If the above Keras and tensorflow packages were **not** installed, do the following:
1. Open up a pitzer terminal window.
2. Load the proper python by executing this: 
     * module load python/3.6-conda5.2
3. Uninstall keras and tensorflow:
     * pip uninstall tensorflow
     * pip uninstall tensorflow-gpu
     * pip uninstall keras
4. Install the proper packages:
     * pip install --user keras==2.2.4
     * pip install --user tensorflow-gpu
5. Come back to this noteboook and **restart** the kernel

Now you can proceed with the rest of this notebook!


## Get the data
We will use our MNIST data sample yet again!   This time, we will use the version that comes along prepackaged with the keras package.

Keras has a small number of datasets included as part of the package (see [here](https://keras.io/datasets/) for more details)   These include:
1.  MNIST:  60,000 28x28 grayscale images of the 10 digits, along with a test set of 10,000 images.
2.  Reuters newswire topics classification:  11,228 newswires from Reuters, labeled over 46 topics, for text processing and classification. 
3.  CIFAR10 small image classification: Dataset of 50,000 32x32 color training images, labeled over 10 categories, and 10,000 test images.   There is a similar dataset (CIFAR100) with 100 labeled catagories.

Below we load the MNIST dataset (both training and test).   We include an option for loading a "short" version to speed things up, but for real studies you should set short to False.

In [2]:
from keras.datasets import mnist
(train_images, train_labels), (test_images, test_labels) = mnist.load_data()

short = True
if short:
    train_images = train_images[:7000,:]
    train_labels = train_labels[:7000]
    test_images = test_images[:3000,:]
    test_labels = test_labels[:3000]
#
print("Train info",train_images.shape, train_labels.shape)
print("Test info",test_images.shape, test_labels.shape)


Using TensorFlow backend.
  _np_qint8 = np.dtype([("qint8", np.int8, 1)])
  _np_quint8 = np.dtype([("quint8", np.uint8, 1)])
  _np_qint16 = np.dtype([("qint16", np.int16, 1)])
  _np_quint16 = np.dtype([("quint16", np.uint16, 1)])
  _np_qint32 = np.dtype([("qint32", np.int32, 1)])
  np_resource = np.dtype([("resource", np.ubyte, 1)])


Train info (7000, 28, 28) (7000,)
Test info (3000, 28, 28) (3000,)


## Prepare the feature data
We need to make sure the feature data is:
1. shaped appropriately.
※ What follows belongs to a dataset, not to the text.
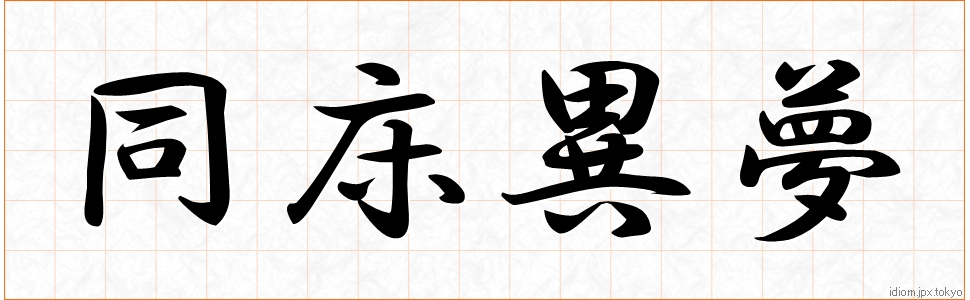 同床異夢 (どうしょういむ)Kanji et modèles d’écriture |

Eaach sample needs to be a 1D vector
2. normalized.  Since we know our max and min is 255/0, we can just divide each pixel by 255.

In [3]:
train_images = train_images.reshape((train_images.shape[0],28*28))
train_images = train_images.astype('float32')/255

test_images = test_images.reshape((test_images.shape[0],28*28))
test_images = test_images.astype('float32')/255


## Prepare the label data
The labels run from 0-9, but we need to make them 1-hot.

In [4]:
from keras.utils import to_categorical

train_labels_cat = to_categorical(train_labels)
test_labels_cat = to_categorical(test_labels)


## Build the Model
Our model will be just like the one we build from scratch in assignment 7 prep:
1. An input layer, 784 features wide.
2. A hidden layer, 100 "nodes" wide, using the "tanh" activation function.
3. An output layer, 10 modes wide, using the softmax activation function.

Building this network with keras is quite simple.

In [5]:
from keras import models
from keras import layers

network = models.Sequential()
network.add(layers.Dense(100,activation='tanh',input_shape=(28*28,)))
network.add(layers.Dense(10,activation='softmax'))

## Compile the model
Compiling the model is necessary begfore you can train the model.  Compiling configures the learning process

1.  A loss function. This is the objective that the model will try to minimize. There are a range of choices which can be examined [here](https://keras.io/losses/).   For classisifaction problems the typical choices are:
    * categorical_crossentropy: used for multi-class classification (like MNIST)
    * binary_crossentropy: used for binary classification (like any one vs all problem)
2.  An optimizer. This controls how the minimum of the loss function is found.   SGD (stochastic gradient descent) is typical, as is Adam (see [here](https://arxiv.org/abs/1412.6980v8) for more details).
3.  A list of metrics. For any classification problem you will want to set this to metrics=['accuracy']. 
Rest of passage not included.